Among the many questions, the one that stood out to me the most was, What were the good and the bad things that you saw while you were in Sudan?

The question caught me off guard, because it’s hard to sum up such a life-changing trip into a couple of sentences; however, I answered this: The good was definitely that the people had so much joy and happiness with so little.  They shared with us such love and kindness that I will never forget.  The bad, or sad, was the day that I realized our Bible school students, and most of the Sudanese around us, get only one meal a day.  That was really hard to sit there knowing that the people are hungry and they are merely surviving on the food they have.


The trip to Louisville was such an immense blessing because for the first time since returning home, I was among people who truly understood the differences between Sudan and America.  One man said to me, You will never be the same person again.  You will never feel the same things as your white friends, and you will always understand that there is so much need out there in the world.  Sudan…Africa…it changes you.  You will never be the same.

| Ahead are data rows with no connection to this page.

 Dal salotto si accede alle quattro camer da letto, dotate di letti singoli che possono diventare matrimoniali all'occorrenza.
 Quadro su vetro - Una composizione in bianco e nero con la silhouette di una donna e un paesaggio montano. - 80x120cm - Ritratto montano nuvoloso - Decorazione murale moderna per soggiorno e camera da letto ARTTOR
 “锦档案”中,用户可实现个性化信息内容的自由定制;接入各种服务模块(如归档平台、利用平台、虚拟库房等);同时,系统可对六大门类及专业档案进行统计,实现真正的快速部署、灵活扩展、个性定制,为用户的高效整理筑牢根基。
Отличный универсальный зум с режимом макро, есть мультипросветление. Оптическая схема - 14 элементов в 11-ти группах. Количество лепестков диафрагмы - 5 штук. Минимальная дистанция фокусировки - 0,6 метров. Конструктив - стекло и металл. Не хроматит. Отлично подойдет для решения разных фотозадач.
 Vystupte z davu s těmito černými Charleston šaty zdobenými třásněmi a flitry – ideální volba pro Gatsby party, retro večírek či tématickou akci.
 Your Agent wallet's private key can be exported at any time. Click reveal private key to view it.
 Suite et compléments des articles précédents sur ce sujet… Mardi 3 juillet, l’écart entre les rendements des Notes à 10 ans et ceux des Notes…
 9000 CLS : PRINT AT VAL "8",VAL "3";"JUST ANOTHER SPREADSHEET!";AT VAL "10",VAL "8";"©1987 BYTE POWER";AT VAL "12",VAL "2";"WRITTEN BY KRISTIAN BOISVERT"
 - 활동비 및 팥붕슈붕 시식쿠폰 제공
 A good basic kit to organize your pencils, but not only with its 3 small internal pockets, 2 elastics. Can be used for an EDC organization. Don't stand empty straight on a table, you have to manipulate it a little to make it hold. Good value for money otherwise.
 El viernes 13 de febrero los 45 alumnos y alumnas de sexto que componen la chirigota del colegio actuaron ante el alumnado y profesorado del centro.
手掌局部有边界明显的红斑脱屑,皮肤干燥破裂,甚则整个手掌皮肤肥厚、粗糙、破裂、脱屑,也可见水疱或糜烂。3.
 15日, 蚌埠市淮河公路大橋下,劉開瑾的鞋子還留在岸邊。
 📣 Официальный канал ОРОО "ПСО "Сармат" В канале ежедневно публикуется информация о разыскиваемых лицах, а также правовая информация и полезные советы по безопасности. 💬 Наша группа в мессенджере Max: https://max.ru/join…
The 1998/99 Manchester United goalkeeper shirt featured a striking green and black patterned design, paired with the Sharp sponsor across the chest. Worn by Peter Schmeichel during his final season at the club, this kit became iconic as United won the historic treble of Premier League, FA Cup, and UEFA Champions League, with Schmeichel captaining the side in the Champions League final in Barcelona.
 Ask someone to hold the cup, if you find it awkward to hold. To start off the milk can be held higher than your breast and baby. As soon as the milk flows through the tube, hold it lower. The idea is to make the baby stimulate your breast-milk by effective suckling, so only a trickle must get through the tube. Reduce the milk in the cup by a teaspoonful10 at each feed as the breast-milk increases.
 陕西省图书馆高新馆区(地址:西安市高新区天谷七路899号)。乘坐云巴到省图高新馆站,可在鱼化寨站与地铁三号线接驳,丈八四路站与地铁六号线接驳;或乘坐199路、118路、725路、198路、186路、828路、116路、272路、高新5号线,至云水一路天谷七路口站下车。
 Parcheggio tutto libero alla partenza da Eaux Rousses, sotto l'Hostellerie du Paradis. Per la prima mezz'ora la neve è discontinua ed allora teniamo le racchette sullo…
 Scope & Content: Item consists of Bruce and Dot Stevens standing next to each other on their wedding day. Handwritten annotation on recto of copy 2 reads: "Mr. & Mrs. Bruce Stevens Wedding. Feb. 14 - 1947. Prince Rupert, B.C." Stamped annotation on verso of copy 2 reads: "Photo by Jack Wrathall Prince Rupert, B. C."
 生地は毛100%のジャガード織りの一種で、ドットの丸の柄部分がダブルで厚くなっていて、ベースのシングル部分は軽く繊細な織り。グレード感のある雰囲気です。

That pretty much sums up exactly how I have been feeling! I will never be the same person again, and I am really thankful for that! I was selfish and I was way too caught up in long-term planning and safety nets.  I don’t ever want to be that person again…I want to be the person who takes action when there is a need whether here at home or abroad, the person who puts all of my faith in God, the person who follows His call into the wilds of Africa and never looks back, the person who truly lives out a life of faith.

I don’t want to be the same person I was before Sudan.

Nhialic pieth…God is good (Dinka).
Kwoth goa…God is good (Nuer).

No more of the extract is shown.